# Flat Screen TV making loud screeching noises (w/ video)



## WarmCurb (Mar 15, 2004)

My Sanyo flat screen (purchased around 2009-2010) has suddenly began making these terrible constant, screeching noises when on. Linked here is a video clip of the sound: 




Does it need new cables? What is wrong?


----------



## WarmCurb (Mar 15, 2004)

Bump


----------



## gurutech (Apr 23, 2004)

When you say "flat screen", do you mean a TV that's maybe 2-3 inches thick in total, or a "tube" TV where the tube is flat on the front? If the flat "tube", then the screeching would be the flyback transformer.

Not sure what it would be if it's an actual flat screen tv, since those don't have flyback transformers...


----------



## WarmCurb (Mar 15, 2004)

Yes, it's at least 2-3 inches thick. If it is a flyback transformer, can this be fixed or replaced?

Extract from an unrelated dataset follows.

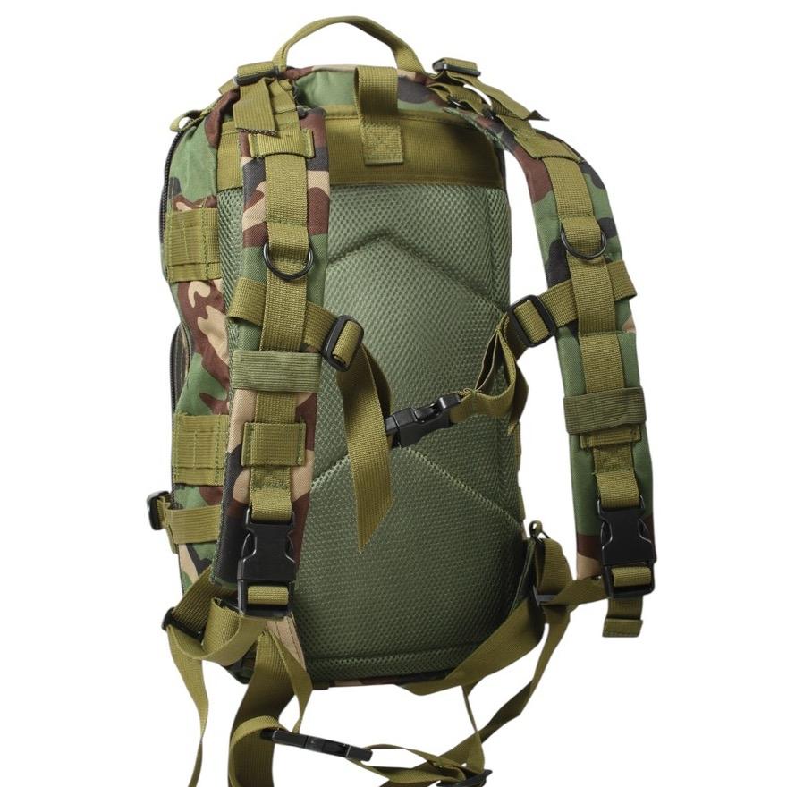 - Our Medium Transport Pack features a main compartment with a zippered pouch and mesh pocket and three additional zippered storage compartments, all equipped with large two-way zippers for full access to your tactical gear and outdoor supplies. The tactical backpack has a 25L capacity and measures 17 inches x 10 inches x 9 inches, providing ample storage space for EDC essentials. The military backpack is excellent for going to the range, trekking out into the great outdoors, or stocking up as a bug-out bag. Rugged Construction: Engineered with polypropylene webbing and 600D polyester, these medium transport packs are built tough, withstanding strenuous activities while in the field. In addition, the storage compartments feature heavy-duty zippers and water-repellent lining. Ready for Action: The survival bag has sternum and waist straps for weight distribution when carrying heavy loads. The compression straps provide additional adjustment when traveling. The get home bag features quick-release buckles for rapid and easy on/off.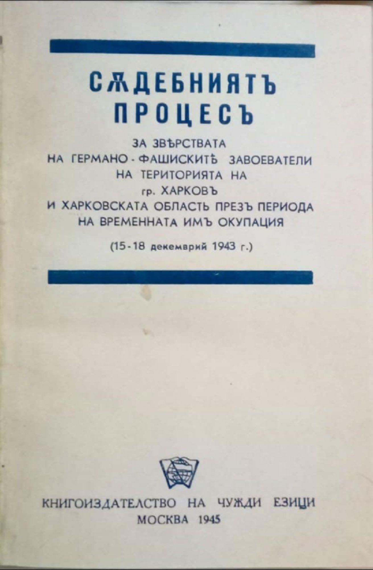 Съдебниятъ процесъ за зверствата на германо-фашистките завоеватели на територията на гр. Харковъ и Харковската областъ презъ периода на временната имъ окупация (15 - 18 декемврий 1943 г.) / Съдебният процес за зверствата на германо-фашистките завоеватели на територията на гр. Харков и Харковската област през периода на временната им окупация

Maybe even by Best Buy where it was purchased?


----------



## Frank4d (Sep 10, 2006)

Flat screen TVs don't have flyback transformers. The sound I heard in the video could be a cooling fan. Does the TV have one?


----------



## xVice (Oct 9, 2012)

I have the same exact noises. Please help.


----------



## DoubleHelix (Dec 10, 2004)

Disconnect and power down any video sources.


----------



## ARTETUREN (Dec 2, 2007)

http://en.wikipedia.org/wiki/Soldering

cold joints


----------